__Work to be completed__
Copy nothing but the lines running from the one containing "Necklace for Women" through the end of the listing below. Drop the pictures.

__Exercise data__
________________

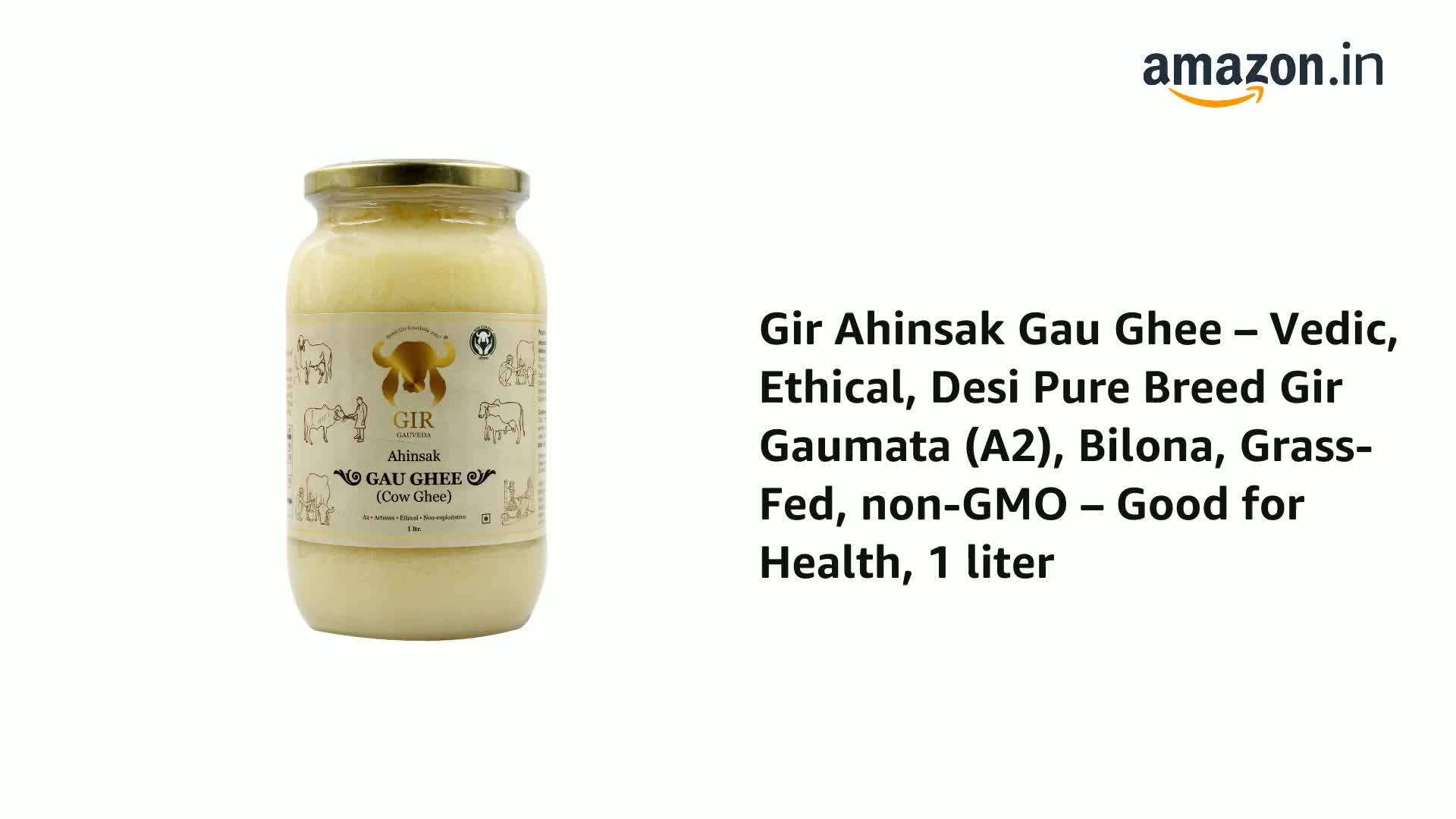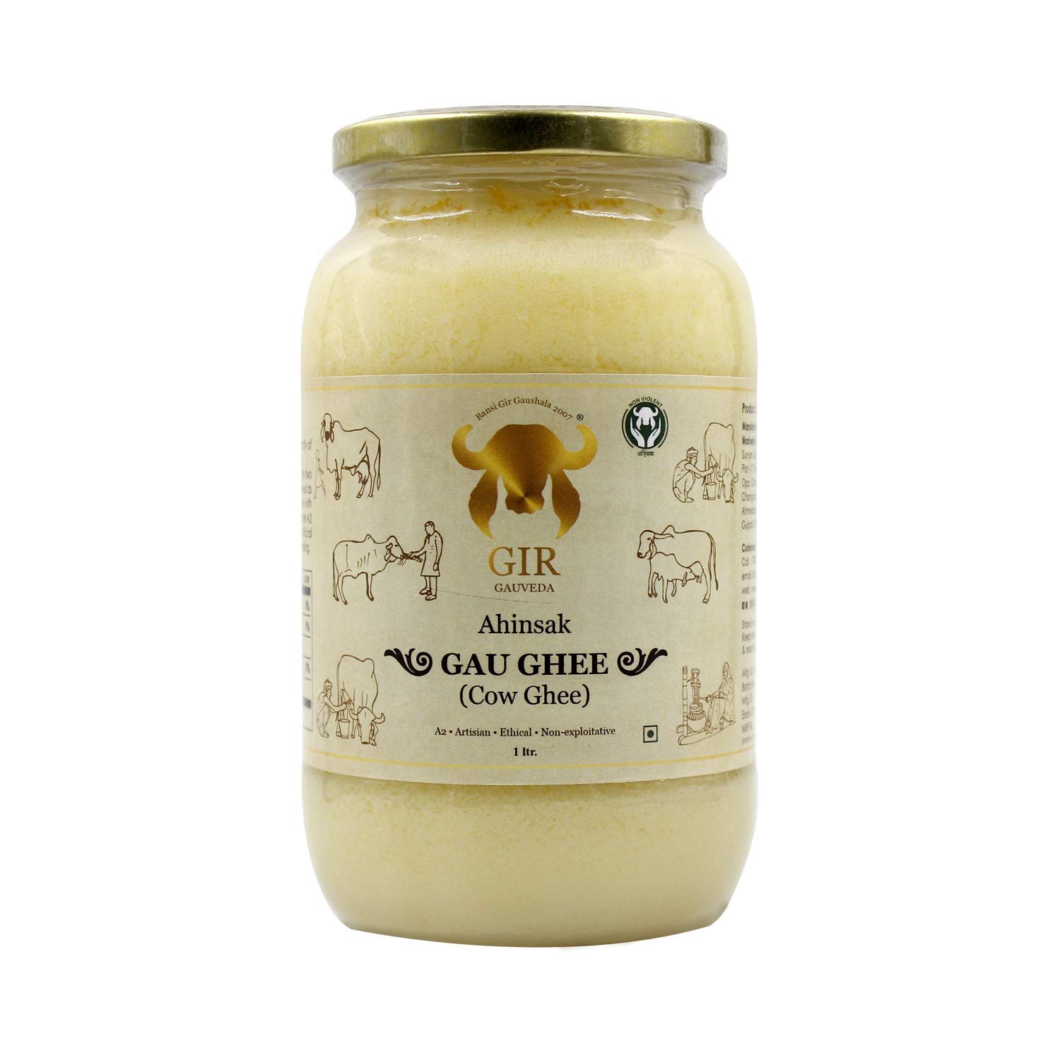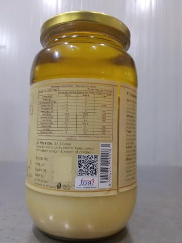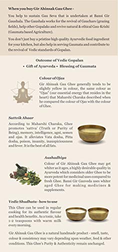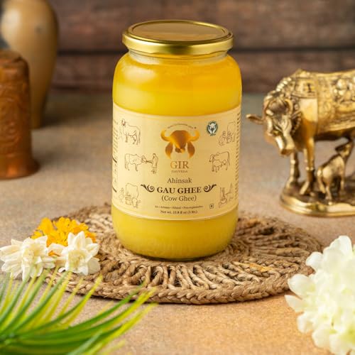 GIR Ahinsak Gau Ghee Vedic, Ethical, Desi Pure Breed Gaumata (A2), Bilona, Grass-Fed, Non-Gmo Good For Health, 1 Liter
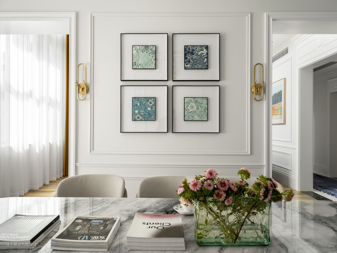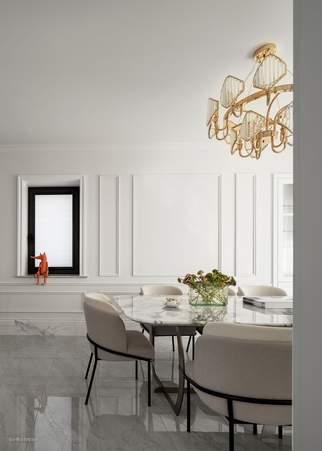 餐厅的色调温柔而优雅,布艺和木饰面从触感强化优雅气质,并平添舒适的体验。纤细的线条,金属与大理石的运用,彰显骨子里的精致格调。
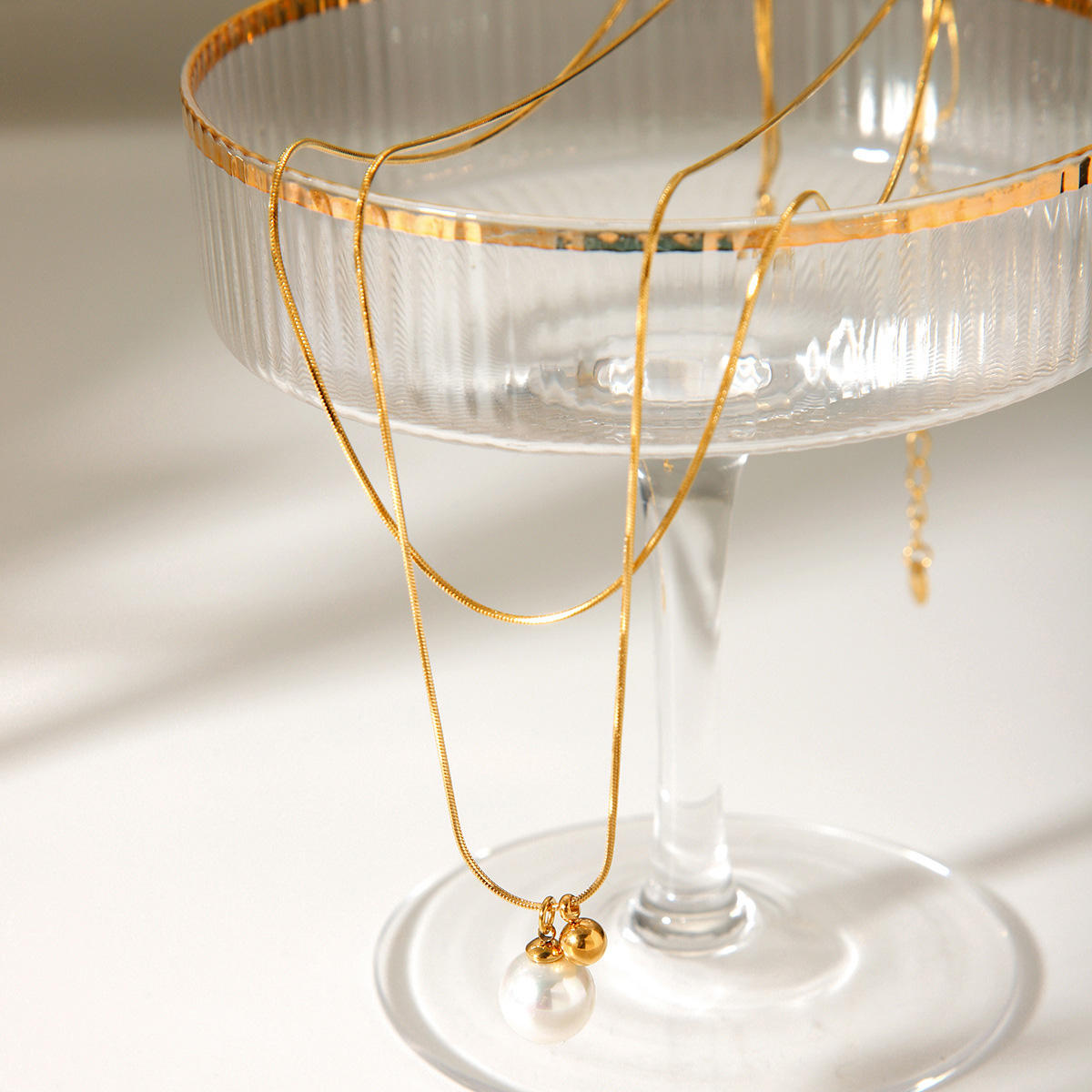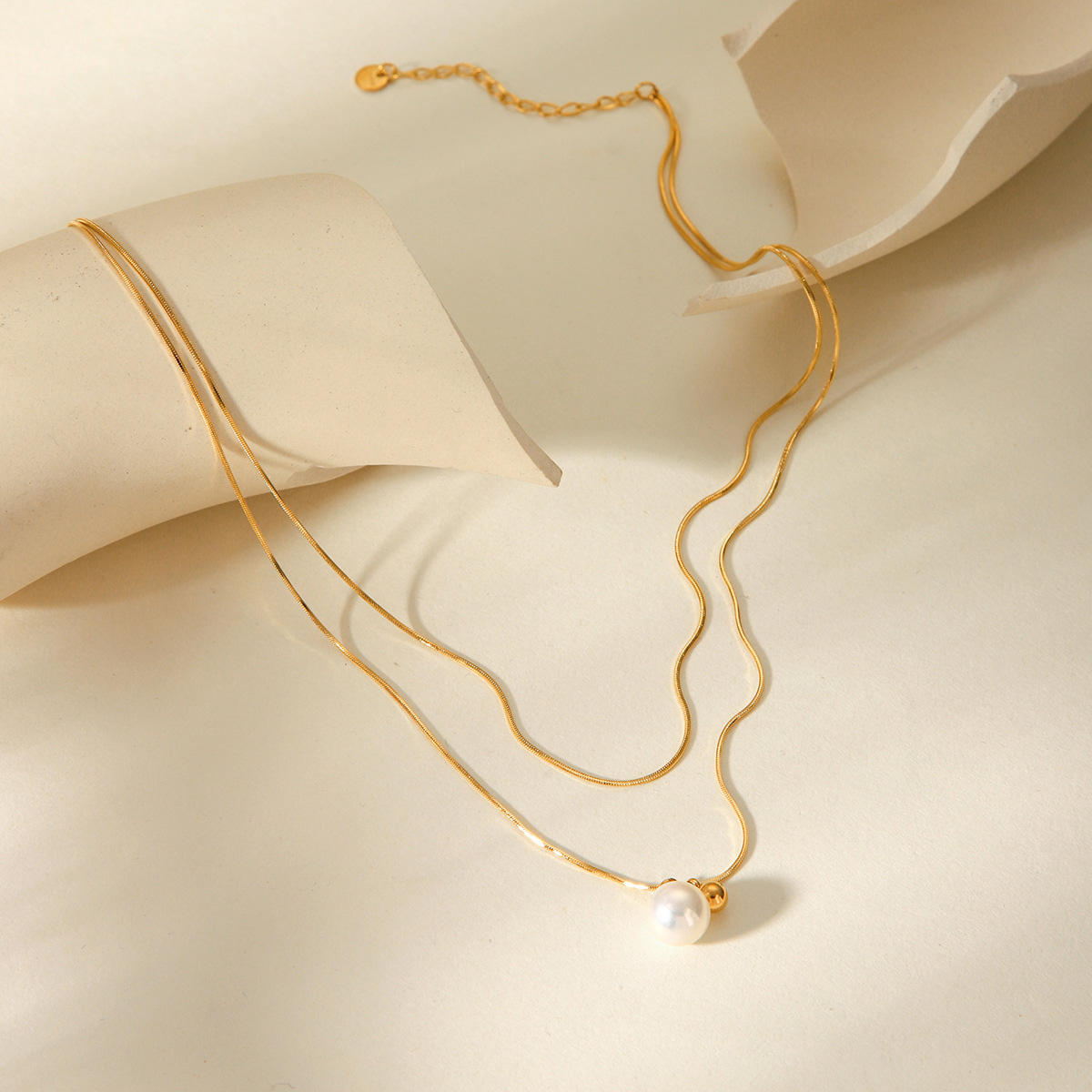 • Stainless Steel Layered Snake Chain Necklace Waterproof Jewelry Plated Ball Pearl Pendant Necklace for Women
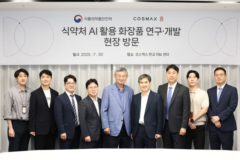 [서울=뉴시스]전병훈 기자 = 글로벌 화장품 ODM(연구·개발·생산) 기업 코스맥스는 신준수 식품의약품안전처 바이오생약국장이 경기도 성남시 판교사옥에 방문해 AI를 활용한 K뷰티 글로벌 활성화 및 미래 전략 방안에 대해 논의했다고 31일 밝혔다.
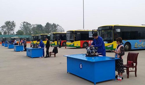 實際操作考試分別考核參賽選手純電動客車故障診斷排除和無油活塞式電動空壓機總成拆裝,以及汽車維保工藝規范。隨著一聲哨響,選手們開始了激烈角逐。各參賽隊員全神貫注、沉著冷靜,動作嫻熟,精益求精,忙而不亂,比質量、比工藝、比速度,展示了精湛技藝,顯示了一流水準,賽出了水平,賽出了風格,賽出了友誼。比賽中,合肥公交集團職工團結奮進、勇創一流的團隊精神同樣得到了充分展示。
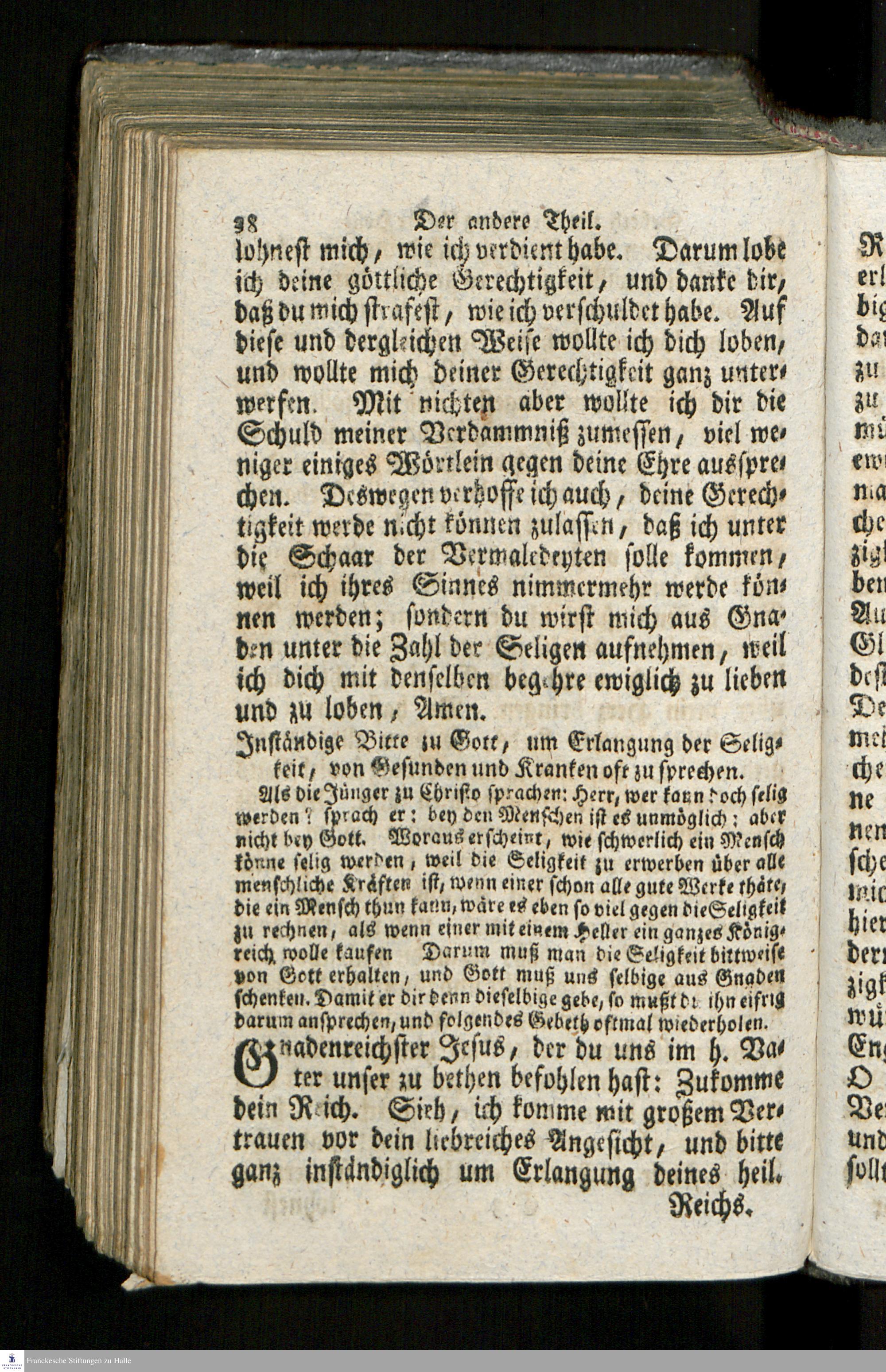 Der Große Baum-Garten : in großem Druck: Darinn überaus kräftige und anmüthige Morgens- und Abends- Meß- Vesper- Beicht- und Kommunion-Gebether, Wie auch zum Hochwürdigsten Sakrament des Altars, Und der Allerheiligsten Dreyfaltigkeit ... Zu allen Groß-Festen und Wallfahrten ... Für geist- u. weltliche Personen, wes Stands und Condition sie sind ... : Mit neuen Kupfern zu Anfang eines jeden Theils geziert / Durch P. Martinus von Cochem, Capuciner-Ordens, der Rheinischen Provinz Predigern

________________

__Solution for this problem__
 • Stainless Steel Layered Snake Chain Necklace Waterproof Jewelry Plated Ball Pearl Pendant Necklace for Women
 [서울=뉴시스]전병훈 기자 = 글로벌 화장품 ODM(연구·개발·생산) 기업 코스맥스는 신준수 식품의약품안전처 바이오생약국장이 경기도 성남시 판교사옥에 방문해 AI를 활용한 K뷰티 글로벌 활성화 및 미래 전략 방안에 대해 논의했다고 31일 밝혔다.
 實際操作考試分別考核參賽選手純電動客車故障診斷排除和無油活塞式電動空壓機總成拆裝,以及汽車維保工藝規范。隨著一聲哨響,選手們開始了激烈角逐。各參賽隊員全神貫注、沉著冷靜,動作嫻熟,精益求精,忙而不亂,比質量、比工藝、比速度,展示了精湛技藝,顯示了一流水準,賽出了水平,賽出了風格,賽出了友誼。比賽中,合肥公交集團職工團結奮進、勇創一流的團隊精神同樣得到了充分展示。
 Der Große Baum-Garten : in großem Druck: Darinn überaus kräftige und anmüthige Morgens- und Abends- Meß- Vesper- Beicht- und Kommunion-Gebether, Wie auch zum Hochwürdigsten Sakrament des Altars, Und der Allerheiligsten Dreyfaltigkeit ... Zu allen Groß-Festen und Wallfahrten ... Für geist- u. weltliche Personen, wes Stands und Condition sie sind ... : Mit neuen Kupfern zu Anfang eines jeden Theils geziert / Durch P. Martinus von Cochem, Capuciner-Ordens, der Rheinischen Provinz Predigern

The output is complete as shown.